Room shortage threatens 2032 Olympics as costs surge
Young Queensland developer Kenneth Wagner wants to build a much-needed hotel in Brisbane ahead of the 2032 Olympics and has a unique business model to make it work.
But the director of KPAT Hotels says he cannot compete with Brisbane’s housing developers for prime land in the heart of the city, with the region grappling with a critical shortage of hotel rooms.
“It’s no secret that residential developers in Brisbane can afford to pay more for land than hotel developers can,” Wagner said.
“If you put us against them, they would outbid us every day of the week. We can’t compete.”
This week Wagner opened the 180-room Avani Mooloolaba Beach Hotel on the Sunshine Coast; this hotel was the first internationally branded full-service hotel in the area in over 40 years.
Avani is the second new hotel to open in the Brisbane, Gold Coast and Sunshine Coast region in the past year, following the 208-room Mondrian, which opened in Burleigh Heads in June.
Wagner, whose father Dennis is a property magnate from Toowoomba and one of Australia’s richest families, said Avani was only possible because the Sunshine Coast Council made the land available exclusively to hotel developers.
“This meant: [the council] When we put it up for sale, we weren’t competing with residential developers or management rights developers in the market,” Wagner said.
“This is the only reason why we live here today in a hotel and not in a traditional seaside apartment building with deeded floors.

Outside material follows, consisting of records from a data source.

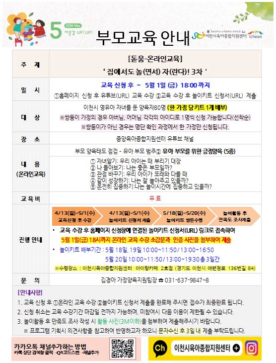 1. 아동학대 예방 부모교육 (3종) 수강 (4/13~5/1)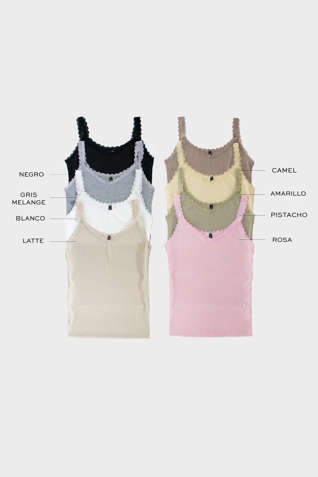 Musculosa de morley viscosa con escote V. Terminación con encaje al tono en sisa, escote y breteles.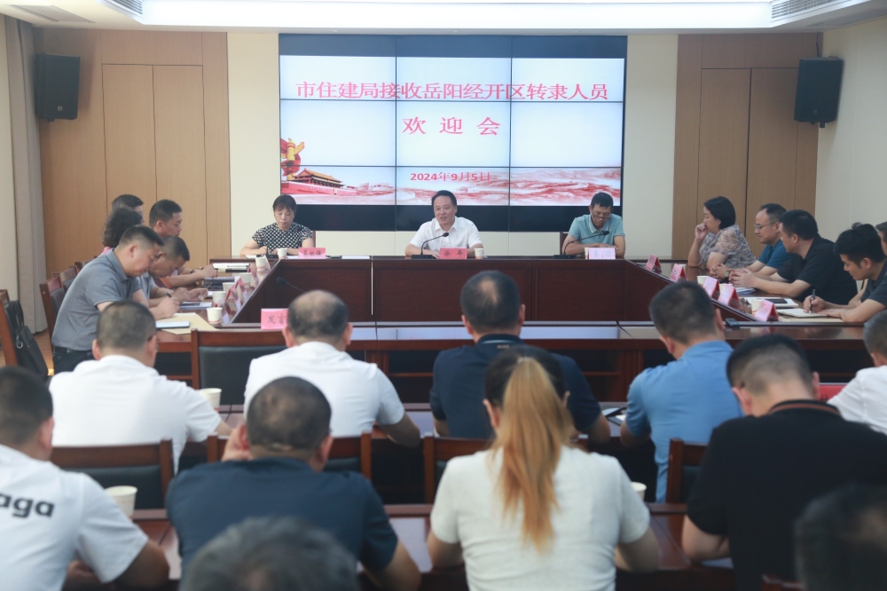 9月5日上午,市住建局召开接收岳阳经开区转隶人员会议,局党组书记、局长徐平出席并讲话。局领导晏桃保主持会议,市住建局在家党组成员、调研员,局机关相关科室、二级机构主要负责人以及经开区转隶全体人员参加会议。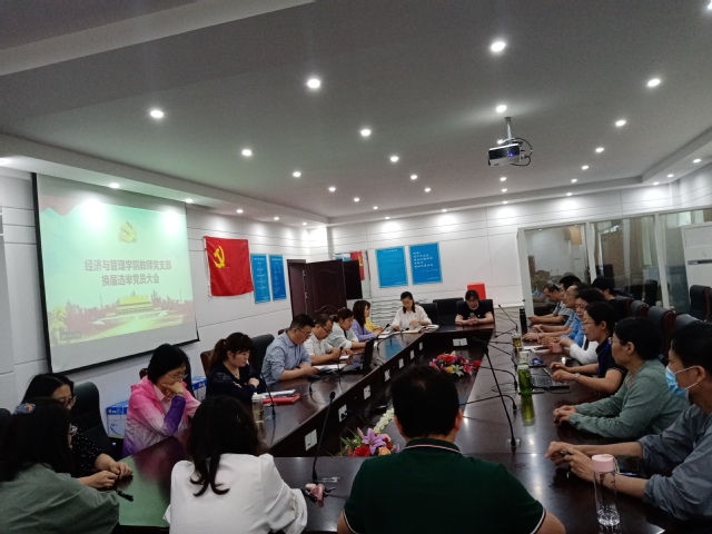 6月2日,经济与管理学院教师党支部召开换届选举大会。校党委委员、副校长窦争妍、支部党员参加大会。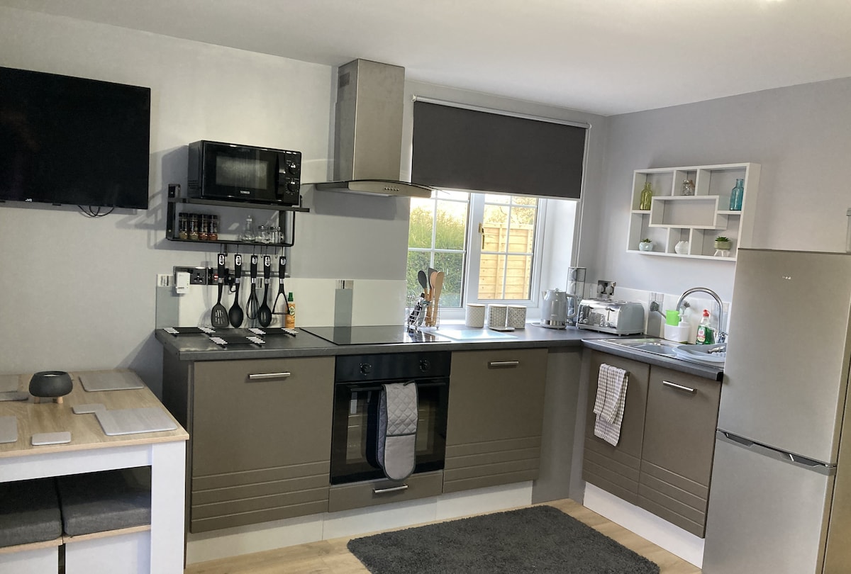 Entfliehe unserem luxuriösen Airbnb in Llanrhystud auf einem bewirtschafteten Bauernhof am Meer. Genieße ein Super-Kingsize-Bett, einen 55-Zoll-Fernseher und ein freistehendes Bad im geräumigen Schlafzimmer. Entspanne dich am Holzofen oder entspanne dich in deinem privaten Whirlpool mit atemberaubender Aussicht. Eine perfekte Mischung aus Komfort und ländlichem Charme, die einen ruhigen Kurzurlaub nur wenige Schritte von der Küste entfernt bietet.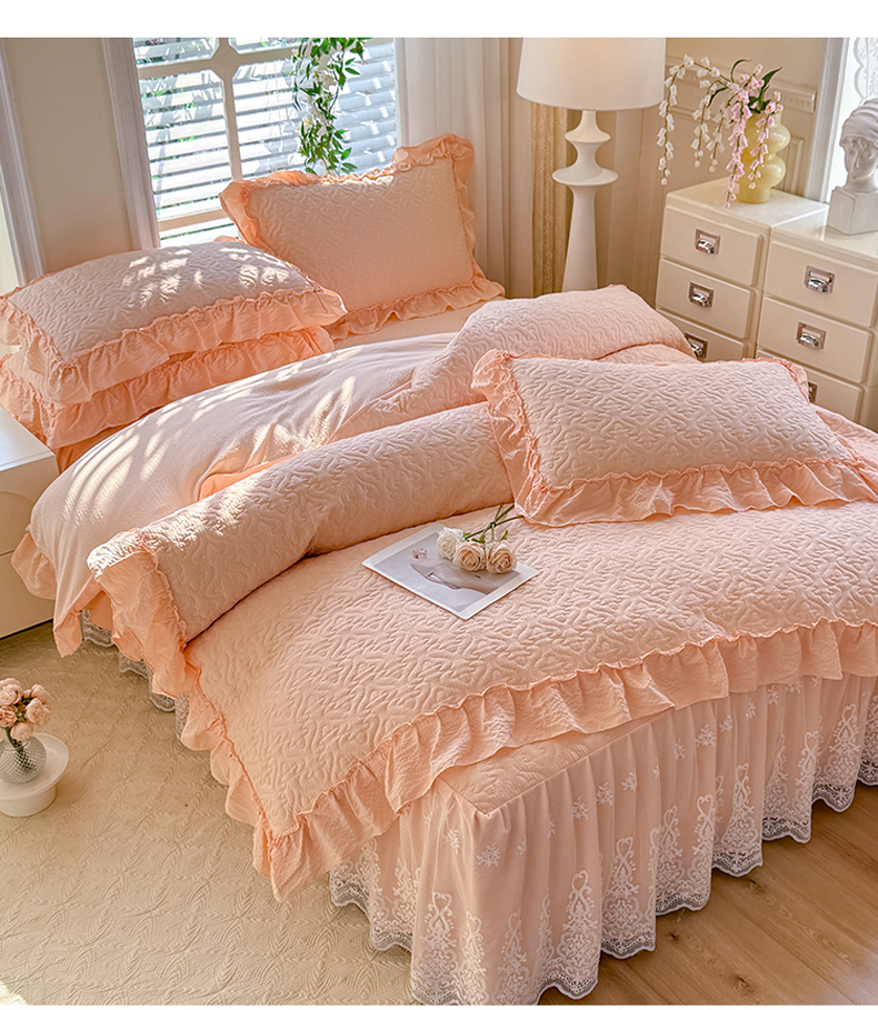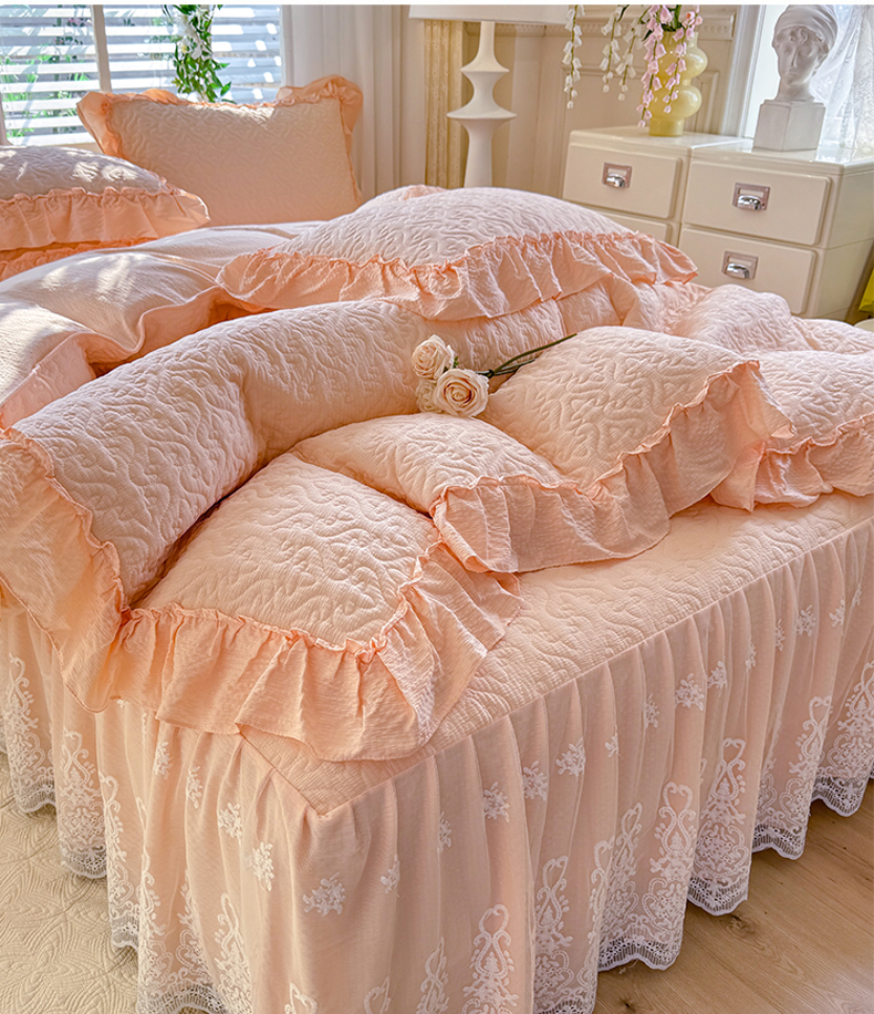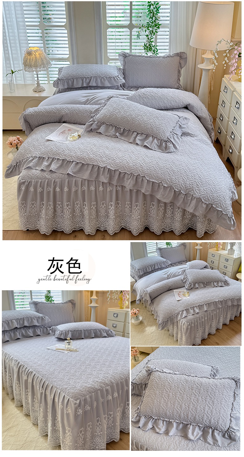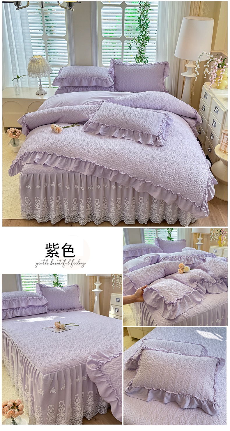当前位置: 91家纺网 > 商品网购 > 床品套件 > 四件套 > 全棉普通四件套 > 2025新款A类华夫格大豆棉床裙四件套-梦幻花园 梦幻花园-玉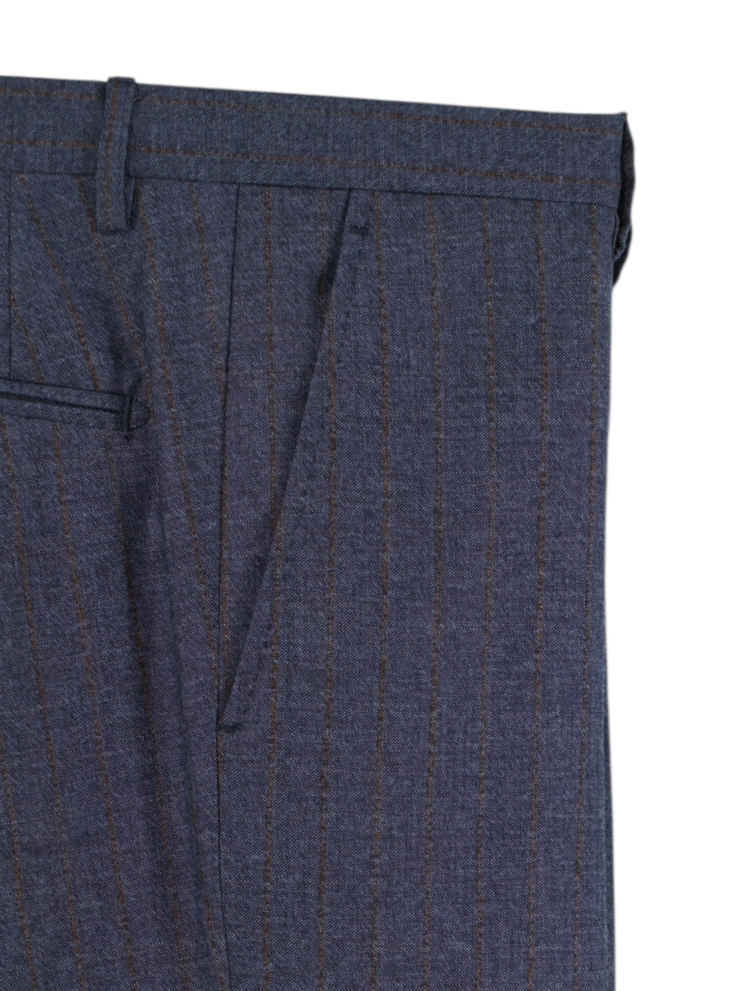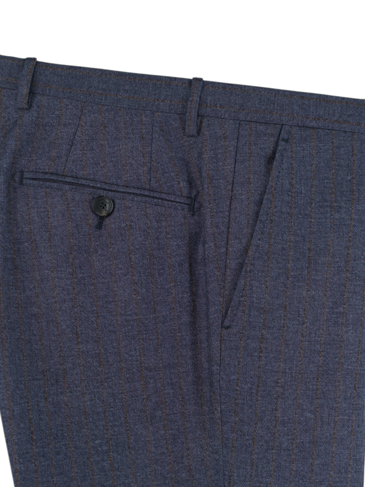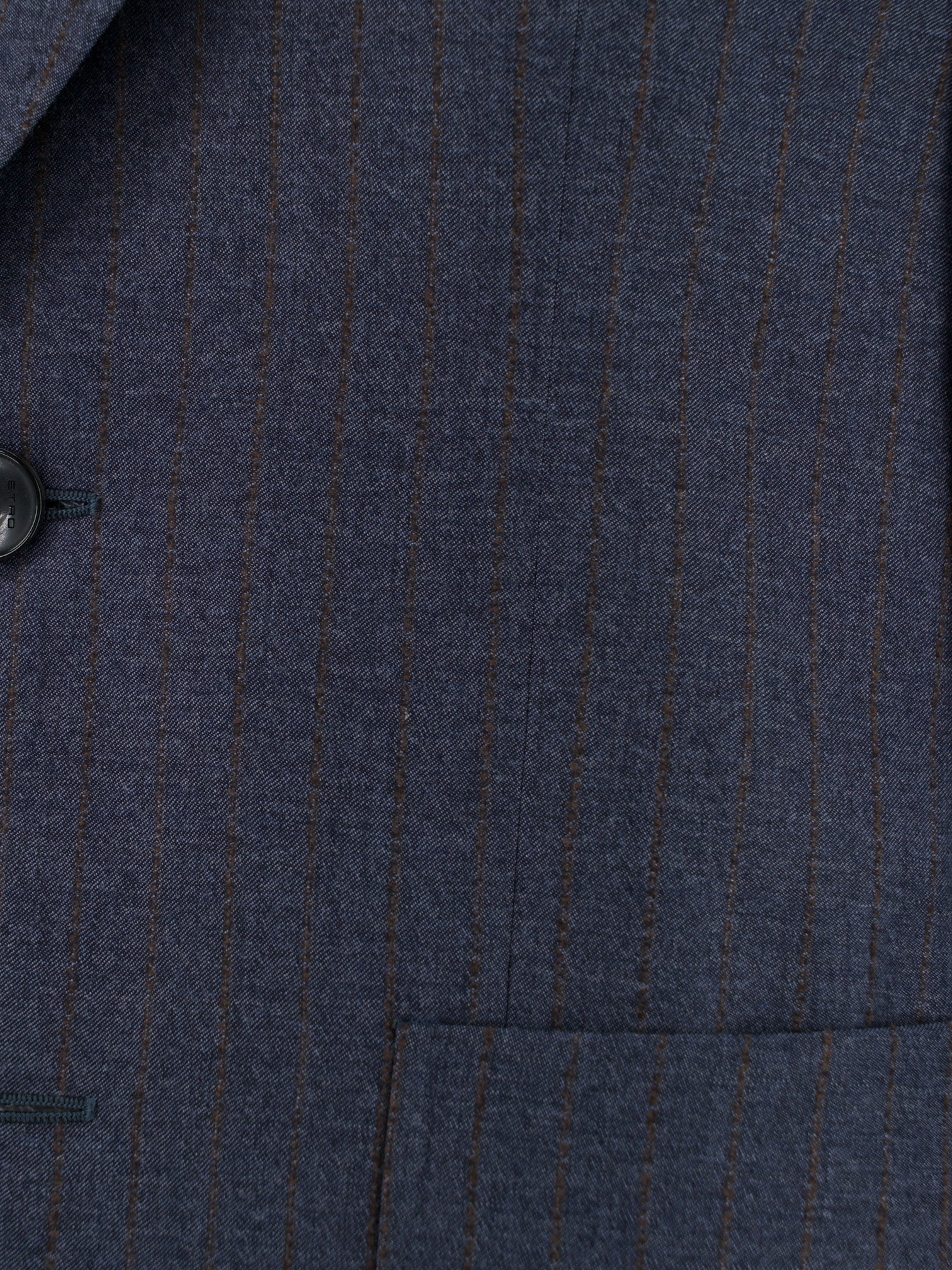 Discover the Etro steel blue and brown wool and silk pinstripe suit, a refined expression of the brand’s signature interplay between classic tailoring and expressive detail. The cloth is woven from a luxurious blend of wool and silk, with a soft steel blue undertone that sets a calm foundation for the warm brown pinstripe running through it. The jacket features sharp peak lapels, a tapered fit, and a two-button closure that keeps the silhouette clean and confident. Inside, Etro’s quintessential paisley silk lining adds a vibrant flourish; unexpected, intricate, and unmistakably the house’s own.

“We’re actually not ashamed to tell people that. We didn’t get subsidies. We didn’t get discounts. What we did was we paid the most on that day for what the city wanted delivered on site.”
Unless serious steps are taken to deliver more projects, Queensland will face a shortfall of 14,700 hotel rooms needed by 2032. According to a new report released Wednesday by the Property Council of Australia..
Supply is already so tight that events such as the NRL Magic Round and the Brisbane Truck Show are driving a spike in room rates; An overnight stay in Brisbane cost visitors up to $900 last weekend.
Wagner, whose family built Toowoomba’s Wellcamp Airport and runs Oaks Hotels in regional Queensland, has called on all levels of government to make land in Brisbane’s CBD, South Bank and South Brisbane available to hotel developers, leaving areas such as Spring Hill and Woolloongabba for residential development.
“We would love a pre-Olympic presence in Brisbane if it was the right land,” he said.
“It doesn’t necessarily have to be somewhere by the river, definitely somewhere with a view of the river… but you need to be right in the center of the city.”
Wagner said building the Avani hotel in less than two years made it possible to close the accommodation gap before the Olympics.
“We need fast approvals. We need very little red tape, and the point is, we need the land allocated to us,” he said.
Property Council Queensland chief executive Jess Caire said the state’s hotel shortage was no longer a short-term slump but a long-term problem.
“There is demand, global interest is coming, but the rooms are not coming,” he said.
“Queensland’s hotel markets are doing exactly what we hoped they would – attracting visitors, increasing occupancy and delivering strong returns – but the supply response has completely stalled.”
Based on current trends, the planned pipeline will deliver only 9 percent of the government’s own long-term Target 2045 target of 40,000 rooms.
According to commercial real estate agency CBRE, construction costs for mid- and upper-class hotels have increased by nearly 40 percent since 2019; Another 18 percent increase is expected in 2026 and 2027.
“The gap between what a hotel costs to build and what it can earn is widening every month,” said Ally Gibson, head of hotels research at CBRE.
“Projects that did not accumulate last year accumulate even less today. The market is performing well; the construction economy has deteriorated.”
But Wagner found a viable alternative.
“Our model is a little different because we have a completely vertically integrated delivery model,” he said.
“We’re developers, we’re builders, we’re owners and we’re operators. That’s probably the main thing that allows us to compete where others can’t.”
Wagner said temporary accommodation options would be required for the Olympics, pointing to Sydney’s use of cruise ships for the 2000 Games.
“However, temporary accommodation on cruise ships docked in Hamilton cannot be our primary source of tourist accommodation,” he said.
According to the Property Council’s report, room-night demand in cities that hosted past Olympics was generally higher in the second and third years after the Games than during the event itself.